Teachers at three charter schools in the Alliance College Ready Public Schools network opted May 2 to join the United Teachers Los Angeles union, marking a major breakthrough in the union’s four-year effort to unionize the largest local charter network.

A majority of teachers at the three schools – the Alliance College-Ready Middle Academy No. 5 near Lincoln Heights, Alliance Gertz-Ressler Richard Merkin 6-12 Complex in the University Park neighborhood, and Alliance Judy Ivie Burton Technology Academy High School in South Los Angeles ¬– signed union authorization cards. Collectively, the three schools have about 100 teachers; the entire 25-school Alliance network has a total of 730 teachers.

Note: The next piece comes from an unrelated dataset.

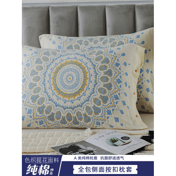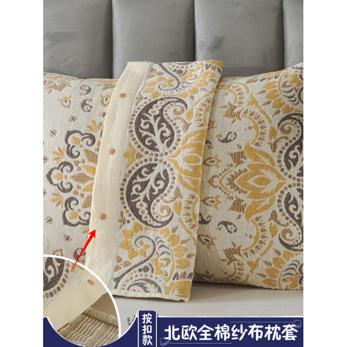 全包四季純棉紗布按釦枕套一對裝家用成人防滑加厚全棉枕巾枕頭套

Unlike with other private sector companies where elections are held on whether to join a union, California labor law only requires a majority of employees at charter schools to sign authorization cards before an employer must recognize union representation. The union status becomes official after the California Public Employment Relations Board verifies the signatures, which is expected within the next few weeks. After that, representatives from the new union unit and Alliance will enter negotiations over a contract.

Three years ago, UTLA sought unsuccessfully to unionize the entire Alliance charter school network. That effort stalled amidst legal wrangling over allegations on both sides of illegal tactics in support of or opposing the unionization drive. UTLA’s fortunes changed when it narrowed its focus to a few schools within the network.

“The schools that filed with the PERB today are just the first wave,” said Alisha Mernick, an art teacher at Alliance Gertz-Ressler Richard Merkin 6-12 Complex. “Teachers want to work with the Alliance board and management as partners and not as adversaries. We look forward to productive negotiations. The goal of teachers who have chosen unionization is to have schools that meet the needs of students and parents as well as teachers. That should be management’s goal as well.”

Alliance issued a statement in response to the unionization announcement.

“After more than three years trying to organize the Alliance charter school network, we have been made aware that some staff at three of 25 Alliance schools have submitted cards to form a bargaining unit through United Teachers Los Angeles,” the statement read in part. “As always, we remain committed to making sure that all of educator voices are heard and counted as this process moves forward.”